Your answer must be a word-for-word copy of the listing below, minus its pictures.

☆ ☆ ☆ ☆

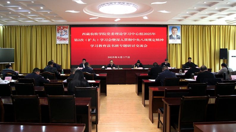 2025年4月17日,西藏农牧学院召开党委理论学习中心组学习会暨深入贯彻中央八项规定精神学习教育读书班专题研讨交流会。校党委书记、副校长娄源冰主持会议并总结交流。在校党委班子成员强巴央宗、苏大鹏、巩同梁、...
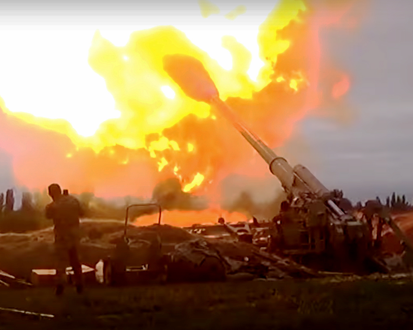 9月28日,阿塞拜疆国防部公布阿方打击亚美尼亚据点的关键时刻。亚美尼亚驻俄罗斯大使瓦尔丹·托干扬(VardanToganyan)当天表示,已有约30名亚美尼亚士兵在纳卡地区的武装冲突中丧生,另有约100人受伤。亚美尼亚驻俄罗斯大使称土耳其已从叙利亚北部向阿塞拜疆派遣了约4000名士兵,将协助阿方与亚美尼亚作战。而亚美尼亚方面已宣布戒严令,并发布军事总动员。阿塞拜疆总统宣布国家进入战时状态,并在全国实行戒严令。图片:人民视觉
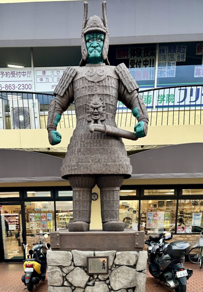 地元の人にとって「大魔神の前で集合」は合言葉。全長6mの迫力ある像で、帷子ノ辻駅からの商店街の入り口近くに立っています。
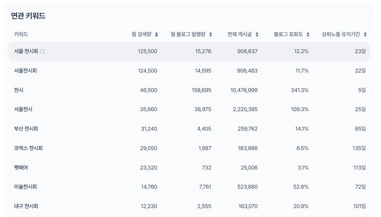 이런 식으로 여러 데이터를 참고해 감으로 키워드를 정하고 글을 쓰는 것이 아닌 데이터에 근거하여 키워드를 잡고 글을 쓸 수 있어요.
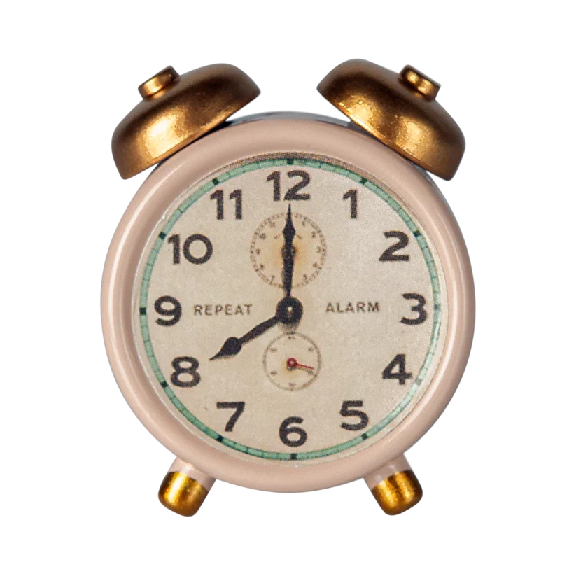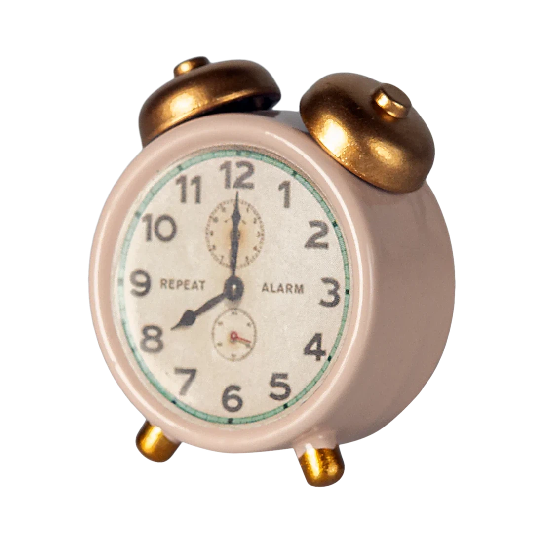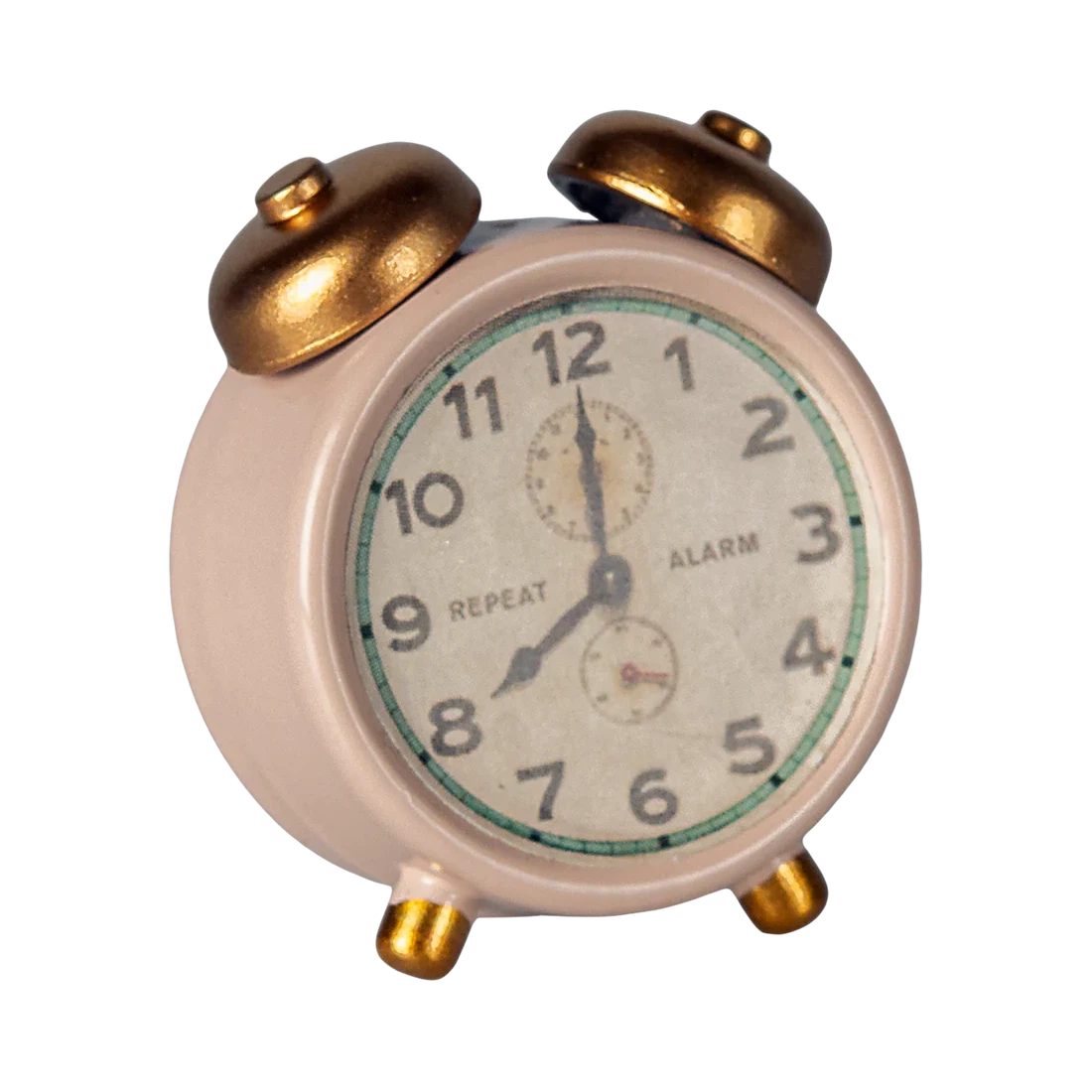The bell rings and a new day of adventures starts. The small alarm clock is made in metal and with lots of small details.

☆ ☆ ☆ ☆

§ Output of the exercise:
 2025年4月17日,西藏农牧学院召开党委理论学习中心组学习会暨深入贯彻中央八项规定精神学习教育读书班专题研讨交流会。校党委书记、副校长娄源冰主持会议并总结交流。在校党委班子成员强巴央宗、苏大鹏、巩同梁、...
 9月28日,阿塞拜疆国防部公布阿方打击亚美尼亚据点的关键时刻。亚美尼亚驻俄罗斯大使瓦尔丹·托干扬(VardanToganyan)当天表示,已有约30名亚美尼亚士兵在纳卡地区的武装冲突中丧生,另有约100人受伤。亚美尼亚驻俄罗斯大使称土耳其已从叙利亚北部向阿塞拜疆派遣了约4000名士兵,将协助阿方与亚美尼亚作战。而亚美尼亚方面已宣布戒严令,并发布军事总动员。阿塞拜疆总统宣布国家进入战时状态,并在全国实行戒严令。图片:人民视觉
 地元の人にとって「大魔神の前で集合」は合言葉。全長6mの迫力ある像で、帷子ノ辻駅からの商店街の入り口近くに立っています。
 이런 식으로 여러 데이터를 참고해 감으로 키워드를 정하고 글을 쓰는 것이 아닌 데이터에 근거하여 키워드를 잡고 글을 쓸 수 있어요.
The bell rings and a new day of adventures starts. The small alarm clock is made in metal and with lots of small details.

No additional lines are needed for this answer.